Task to carry out: The required output is the exact run of lines in the listing below from the line holding "Compressive stress-strain curves" through the line holding "Ziua, scena devine", with no pictures.

Material to process:

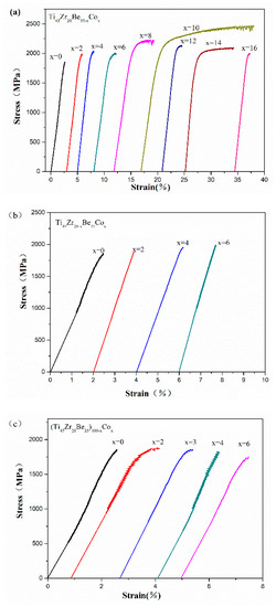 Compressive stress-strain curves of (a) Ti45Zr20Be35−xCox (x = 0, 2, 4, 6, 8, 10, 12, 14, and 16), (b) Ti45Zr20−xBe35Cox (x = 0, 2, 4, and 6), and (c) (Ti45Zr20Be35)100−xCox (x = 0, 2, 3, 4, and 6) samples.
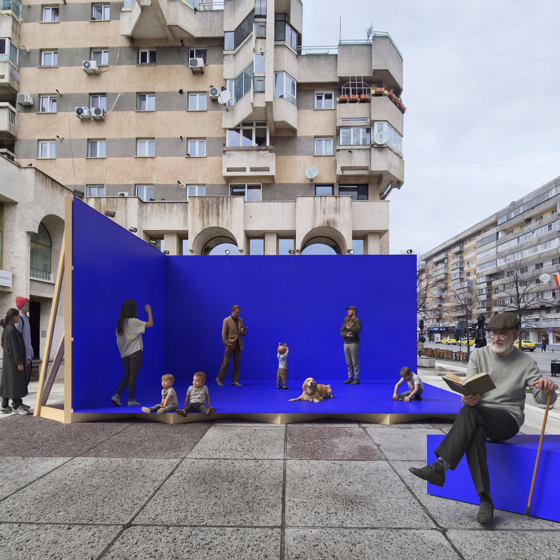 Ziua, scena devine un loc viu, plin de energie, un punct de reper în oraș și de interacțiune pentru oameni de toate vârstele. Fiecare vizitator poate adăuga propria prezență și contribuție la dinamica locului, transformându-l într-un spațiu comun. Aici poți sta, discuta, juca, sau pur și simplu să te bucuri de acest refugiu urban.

* * *

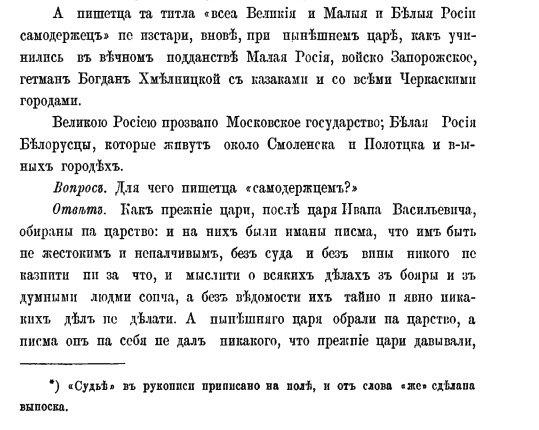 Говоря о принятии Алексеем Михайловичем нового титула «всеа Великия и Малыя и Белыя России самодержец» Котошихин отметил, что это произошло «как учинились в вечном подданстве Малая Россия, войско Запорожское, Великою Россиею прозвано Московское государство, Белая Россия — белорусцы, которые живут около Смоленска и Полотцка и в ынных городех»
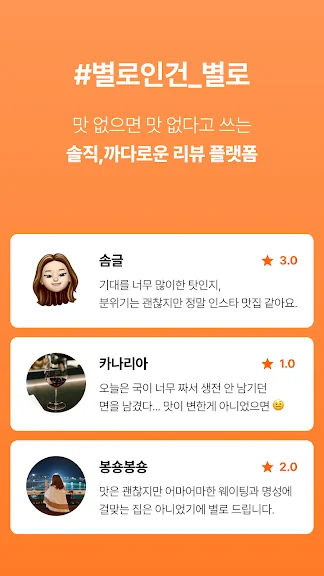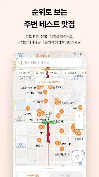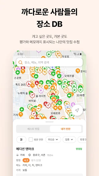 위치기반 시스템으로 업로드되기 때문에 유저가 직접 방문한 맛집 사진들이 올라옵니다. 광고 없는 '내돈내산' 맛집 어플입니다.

Result of this exercise:
 Compressive stress-strain curves of (a) Ti45Zr20Be35−xCox (x = 0, 2, 4, 6, 8, 10, 12, 14, and 16), (b) Ti45Zr20−xBe35Cox (x = 0, 2, 4, and 6), and (c) (Ti45Zr20Be35)100−xCox (x = 0, 2, 3, 4, and 6) samples.
 Ziua, scena devine un loc viu, plin de energie, un punct de reper în oraș și de interacțiune pentru oameni de toate vârstele. Fiecare vizitator poate adăuga propria prezență și contribuție la dinamica locului, transformându-l într-un spațiu comun. Aici poți sta, discuta, juca, sau pur și simplu să te bucuri de acest refugiu urban.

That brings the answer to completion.